The LCD I used is this one (20x4  I2C connection):

I changed the code to use only 2 lines of the LCD since a 16x2 is more common than a 20x4.

LCD connection as follow:

GND from LCD to Arduino Pin Gnd (on power bus)
VCC from LCD to Arduino Pin 5v (on power bus)
SDA from LCD to Arduino Pin Analog A4 (on analog bus)
SCL from LCD to Arduino Pin Analog  A5 (on analog bus)

You can use a different LCD, just change the code.

Have a nice weekend!

Sunday, October 05, 2014

My Arduino think's he is an Yaesu

Having battling intermittently for the past two weeks to get an Arduino to "emulate" the Yaesu serial protocol I finaly got it, I can set frequency and mode from the rig control software on to the Arduino:

Setting the frequency:
 The Arduino picket up (My Freq:) and then I sent another frequency change to 446Mhz:

I didn't take the new frequency set picture (set freq) but it did worked. Mode "8" is the hex sent from the rig control software for FM mode.

Tried to find some other similar project and found none so have to make it myself, far as I know this is one of a kind! There are some projects but are to control an Yaesu radio from an Arduino, not the RIG CAT software to control the Arduino. The idea is remotely controlling the VFO of the "Trevo" transceiver (the one I've been building for the last year)
Will release the code if there's any interest and after beeing well polished... it will take time.
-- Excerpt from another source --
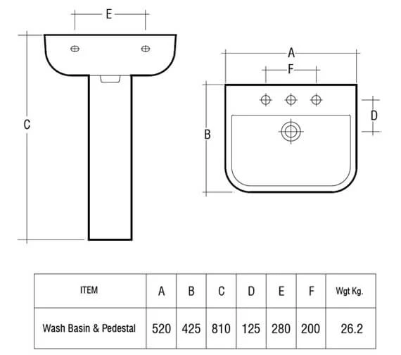 - Basin with semi and full pedestal available [See Option].

add: code: http://speakyssb.blogspot.ie/2014/10/my-arduino-thinks-he-is-yaesu-arduino.html

Have a good weekend!

Sunday, September 07, 2014

North Cork Radio Group Annual Radio & Electronics Rally - 2014

It was today.

I restricted myself to only small bits, even so I bring a little more than wanted to!

From top to botton and left to right: a mic and bnc connectors, a power meter ; bellow:
a bigger box with an 1.5Ghz capable mixer inside (MCL SCM2500) and on top a box with a circulator (1.4 to 1.7Ghz according to datasheet). I just wanted the aluminum box for other stuff but the mixer and the circulator might be interesting to go a litle higger in frequency from what I'm used to do. So for my record of a fully working transceiver is still way bellow on the 2m band.
The power meter got if for 5 Eur thinking that might have some interesting logarithmic detector inside...yes and no, it has two 1N5711 diodes and an double opamp making two separate detectors. I removed the original plugs (tv type) and replaced with a silver BNC and left only one of the circuits in place (they were dientical and can be selected by the top switch). I was powered by 15V, I placed inside a 10v regulator and now I have to calibrate to the new supply. The meter could be handy special because its small size. In the future might replace the inside with an AD8307 circuit. 
Not in the picture I bought 5 small pieces of PCB, always handy and two egg isolators for antenna wire. Again, looked at ladder line and didn't bough, just like last year, maybe one of this days I will finally build a ladder line antenna/aerial!

Have a great week!

Tuesday, August 26, 2014

Scope bandscope adapter

...Just some modules glued togetter:

 Signal on display is from a QRSS Kit at 14.200Mhz...

 placed very close to input since there's no positive gain in the circuit and the mixer was homebuilt.
 Lower channel is the trigger. Log detector is an AD8307 and IF filter (10Mhz) is incorrectly terminated....
(add: made some measurement: vpp on the ramp for the vfo is 3.44V. Min vfo freq is: 4.174Mhz and max vfo is: 4.196Mhz, that is around 22Khz and makes 2.44Khz by division. I was thinking the peak was a bit large but in fact should be correct)

...plenty of room to improve....

And... have a nice week!

Thursday, August 21, 2014

New oscilloscpe - Rigol DS1052E

...Yes, my third oscilloscope. First one, the "Kiotto" brand (nice crap of tech support) died some time ago. Then I bough a second hand "Hameg" HM307:

 (in need of some maintenance but still functional as long as I let it warm) which is on main shack.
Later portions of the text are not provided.